Sunday, March 06, 2011

Conservatives' least popular cabinet minister addresses Welsh conference

Yesterday, Dr Vince Cable introduced himself as the 24th most popular cabinet minister in a recent opinion poll of Conservative members - out of 24. "It is not something I lose any sleep over," he said.

He went on: "It is a pleasure to be back in Wales today and it’s great to be able to return to a Wales that is so self confident and positive.

“The ‘yes’ vote in the referendum means that the Welsh government now has the tools to do the job that is has requested and a new era of Welsh devolution begins.

“The announcement earlier this week that the government will electrify the Great Western main line, improving journey times from London to Swansea, is positive news for the Welsh economy and evidence of the coalition investing in rail infrastructure where Labour failed in their 13 years in power.

“Less commented upon, but also of huge importance will be the electrification of the Valley lines to Cardiff.

“I am also pleased that the coalition government is now consulting on the possibility of making St David’s Day a public holiday, which itself could be a showcase for investment and tourism as well as a celebration of Wales’ national day.

"Wales’ economic issues run deep and the impact of the loss of much of its manufacturing base in the 1980s is still felt. With the right support, we can establish the growth in the private sector that Wales needs.

“Of course, not all of the economic levers rest in either Cardiff or London. It will require governments of different colours working together to rebuild the Welsh economy.

“By setting out a clear plan to tackle Labour’s deficit, the coalition has headed off financial disaster and the basis for a revival in manufacturing is in place.

“The policies that Kirsty Williams set out today, to focus relentlessly on the need to create new jobs and prosperity by investing in home-grown Welsh enterprises is exactly the approach needed in Wales and elsewhere.

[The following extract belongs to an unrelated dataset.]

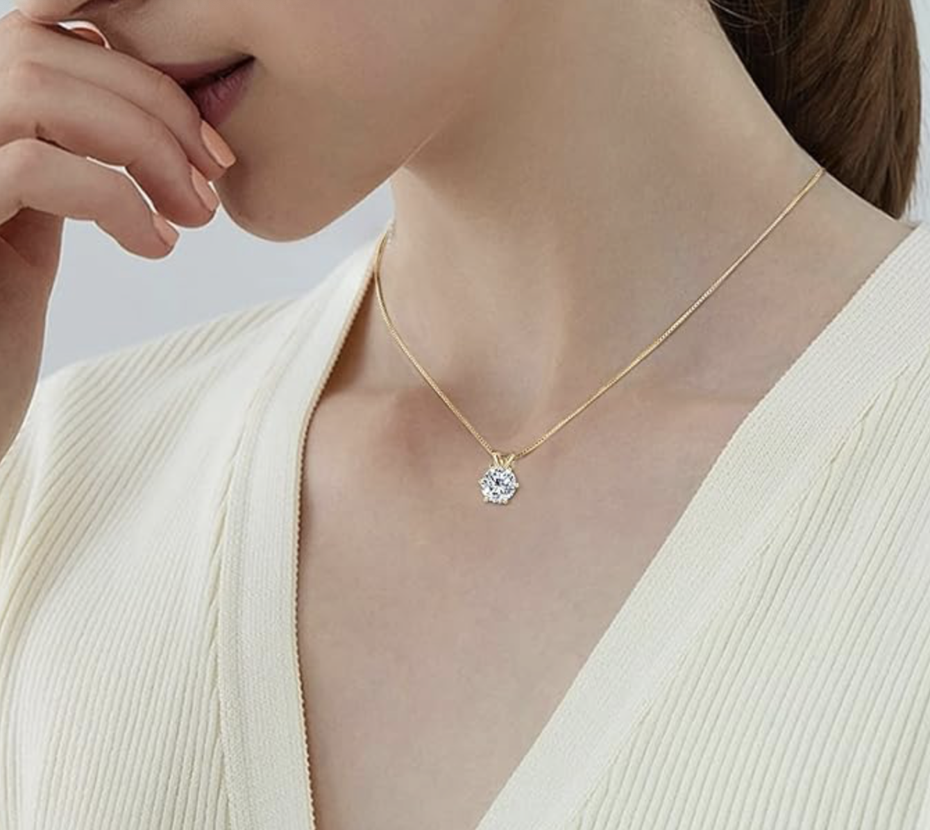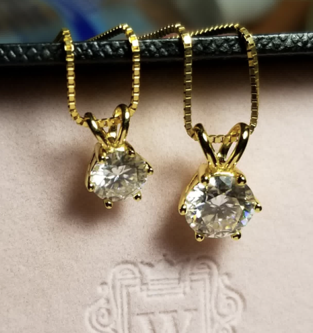 0.5/1/2/3 Carat Moissanite Solitaire Pendant Necklace (6-prong set, 925 sterling silver, 18"+2" adjustable chain) delivers classic brilliance—perfect everyday or special occasion piece for women who love timeless sparkle.

“We are now at a turning point, where manufacturing is reviving, especially in high tech innovative firms and with Welsh strength in agriculture and tourism, there is every prospect, with the right policies and leadership, of a Welsh economic renaissance.”

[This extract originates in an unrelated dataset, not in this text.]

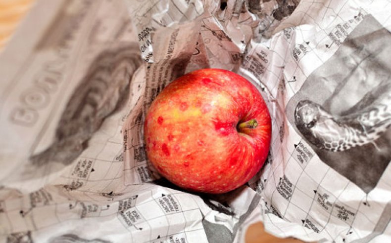 Чтобы продлить срок хранения яблок, перед закладкой оберните каждый плод в бумажную салфетку или простую бумагу. Не используйте с этой целью газеты, поскольку краска для печати содержит свинец и другие вещества, которые могут быть опасными для здоровья. Обернутые в бумагу фрукты аккуратно сложите в ящик или корзину плодоножками вверх.

Dr Cable admitted that things were still bad on the national economic front, but progress was being made. A tax on bank balance sheets would consistently bring in more income than Labour's one-off levy on bonuses. An agreement had also been reached - not as good as Dr Cable would have liked, but still a major step forward - on the amount of money banks would be committed to lend to small and medium-sized businesses.